### AIM OF THE EXERCISE
Leaving out all pictures, restate word for word the lines from the one with "DATACENTER和DCI市场领先的OCS路线图更大幅度增加64x64 C波段模块化产能OCS OCS" through the last line of the entries.

......

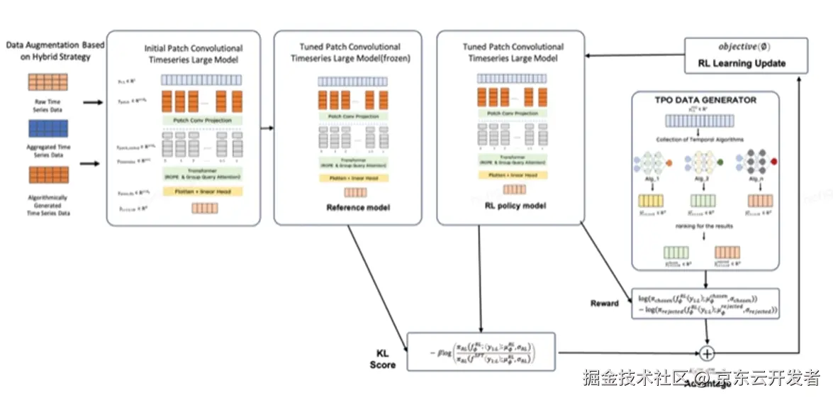 在大模型训练中,数据是基础。为了解决数据问题,京东供应链算法团队引入了一个包含15亿样本的大规模高质量复杂数据集,并提出了时序切分、数据配比和合成数据集构造等时序训练集构建范式。这些方法确保了数据的多样性和代表性,为模型训练提供了坚实的基础。在模型架构方面,团队提出了一个通用的PCTLM模型。该模型通过Patch的方式对数据进行切割,并在Patch投影的过程中进行了改进,以捕捉跨Patch间的信息。此外,团队引入了时间位置编码的分组注意力机制,进一步增强了模型对时序数据的处理能力。在垂类优化方面,团队首次提出了时间序列预测模型的RLHF方案,开发了一套适用于纯时序大模型的强化学习框架TPO。这一框架通过结合人类反馈和强化学习,显著提升了模型的预测精度和泛化能力。由于时序大模型的优异表现,京东算法团队已经将自研时序大模型在京东供应链系统部署上线,并取得了卓越的表现。预测准确率相较于线上大幅提升,验证了模型的有效性和实用性。
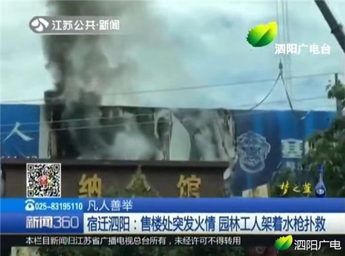9月5日上午10時(shí)許,江蘇省泗陽(yáng)縣北京東路塞納公館營(yíng)銷中心因招牌頂部電焊火星濺落,致使門頭起火。起火點(diǎn)距離地面約5米,滅火器等常用滅火設(shè)備無(wú)法起作用。為防止意外,售樓處工作人員及時(shí)疏散群眾,同時(shí)撥打119救火電話。就在此時(shí),身為泗陽(yáng)縣園林綠化管理處的技術(shù)員曹書志,正開著灑水車進(jìn)行綠化帶澆水作業(yè),見到路邊濃煙滾滾,火勢(shì)兇猛,曹書志二話不說,立刻把灑水車開到著火點(diǎn),不顧生命危險(xiǎn)下車,和其他3名工人,迅速打開前噴水頭和后部水炮供水的副發(fā)動(dòng)機(jī)進(jìn)行滅火,在持續(xù)噴射十余分鐘后成功將火撲滅。
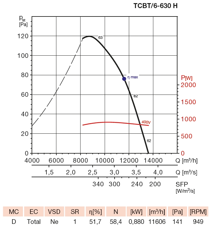 | otáčky [m-1] | průtok (0 Pa) [m3/h] | výkon [W] | napětí [V] | proud [A] | max. teplota [°C] | akustický tlak* [dB(A)] | hmotnost [kg] | regulátor |
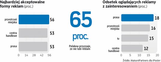 Z badania wynika, że jednymi z najmniej uciążliwych i najbardziej akceptowanych przez użytkowników form reklamy są te w przestrzeni miejskiej, co wskazało 56 proc. ankietowanych. Z kolei po 53 proc. przyznało, że podobnie traktuje przekazy w galeriach handlowych oraz prasie.
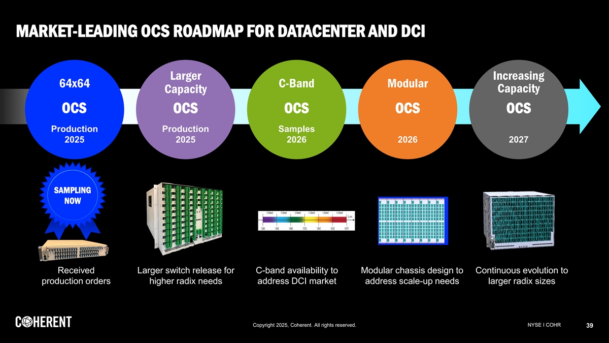 DATACENTER和DCI市场领先的OCS路线图更大幅度增加64x64 C波段模块化产能OCS OCS OCS OCS OCS生产生产样品20252025202620262027采样现在收到更大的开关发布,用于C波段可用性到模块化机箱设计到持续演进到生产订单更高的基数需求解决DCI市场地址放大需要更大的基数尺寸版权所有2025,连贯一致。版权所有。NYSE I COHR 39
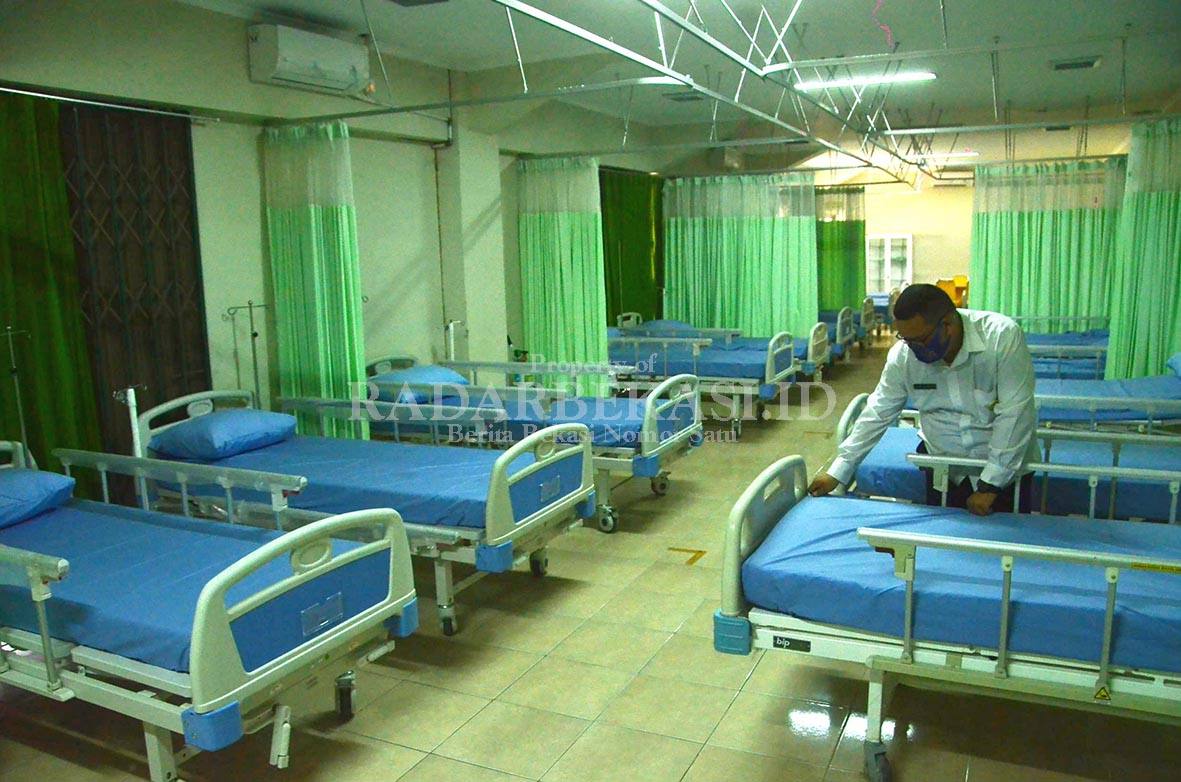 Illustrasi : Pegawai Pemkot Bekasi membersihkan ruang perawatan untuk pasien Covid-19 di Stadion Patriot Candrabhaga Kota Bekasi, Selasa (8/9). Pemkot Bekasi menyiapkan 100 tempat tidur pasien Covid-19 untuk antisipasi jika daya tampung rumah sakit tidak mencukupi. RAIZA SEPTIANTO/RADAR BEKASI

......

### WORKED SOLUTION
 DATACENTER和DCI市场领先的OCS路线图更大幅度增加64x64 C波段模块化产能OCS OCS OCS OCS OCS生产生产样品20252025202620262027采样现在收到更大的开关发布,用于C波段可用性到模块化机箱设计到持续演进到生产订单更高的基数需求解决DCI市场地址放大需要更大的基数尺寸版权所有2025,连贯一致。版权所有。NYSE I COHR 39
 Illustrasi : Pegawai Pemkot Bekasi membersihkan ruang perawatan untuk pasien Covid-19 di Stadion Patriot Candrabhaga Kota Bekasi, Selasa (8/9). Pemkot Bekasi menyiapkan 100 tempat tidur pasien Covid-19 untuk antisipasi jika daya tampung rumah sakit tidak mencukupi. RAIZA SEPTIANTO/RADAR BEKASI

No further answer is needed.